- Did the Court of Appeals correctly construe OCGA § 51-12-33 to require a trier of fact to apportion an award of damages among multiple defendants when the plaintiff is not at fault?
- Did the Court of Appeals correctly find that McReynolds’s insurer made a counteroffer in response to Krebs’s settlement demand?
"Accordingly, we hold that in applying § 51-12-33, the trier of fact must 'apportion its award of damages among the persons who are liable according to the percentage of fault of each person' even if the plaintiff is not at fault for the injury or damages claimed.
"In light of this holding, there was no error in the dismissal of McReynolds' cross-claims for contribution and set-off against GM."
As to the counteroffer issue, the Court noted that Krebs' offer made no mention of liens, nor did it contemplate any particular resolution of the hospital lien or any other liens as a condition of settlement.

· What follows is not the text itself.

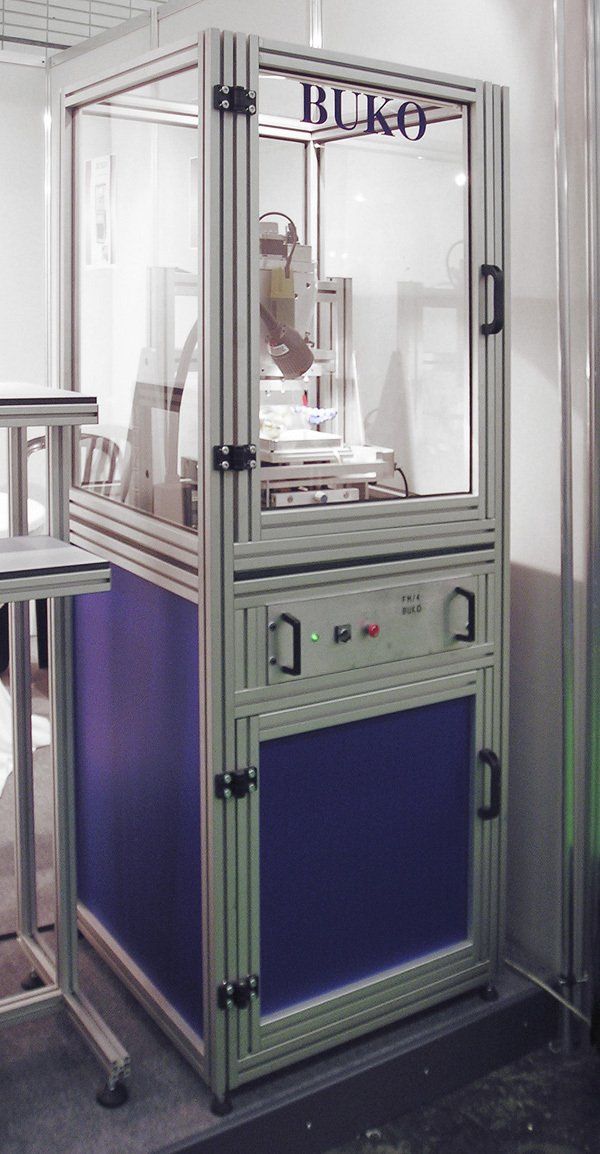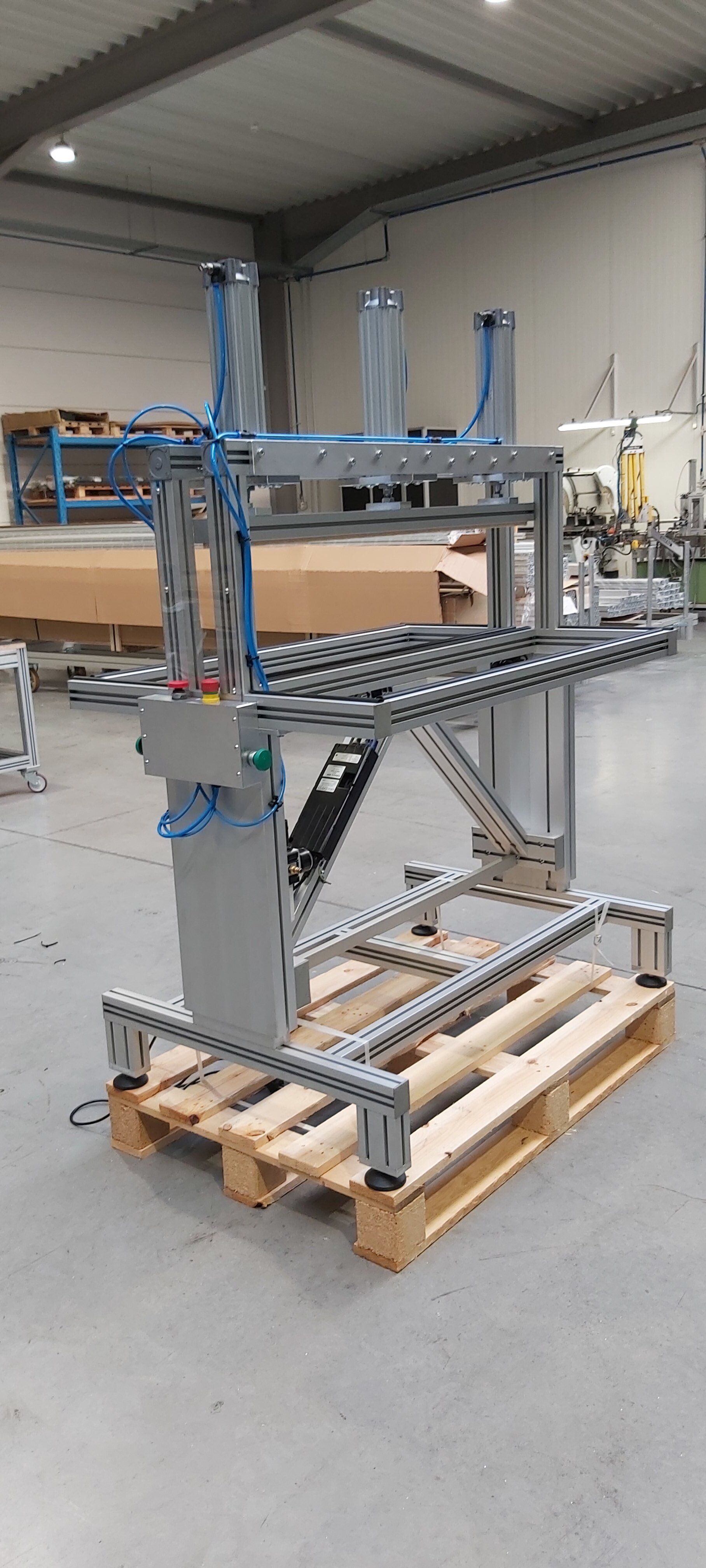 Nous souhaitons vous présenter nos projets de construction de machines et d'enceintes. Ci-dessous, vous pouvez voir un écran mobile pour une machine, une enceinte dans un atelier et une table d'assemblage. Tous ces éléments ont été réalisés à l'aide de profilés en aluminium et d'accessoires d'Alumes.

"As we explained in Frickey, while a 'mere request for confirmation that no liens exist' will not transform a purported acceptance into a counteroffer, an added condition involving the 'resolution of... actual and potential liens of the health care providers' will," Nahmias wrote.
"Thus, like the trial court and the Court of Appeals, we construe the response by McReynolds' insurer to Krebs' settlement offer, proposing to resolve the hospital and other liens 'as part of this settlement,' as a counteroffer rather than an unconditional and unequivocal acceptance. Accordingly, no binding settlement agreement was formed."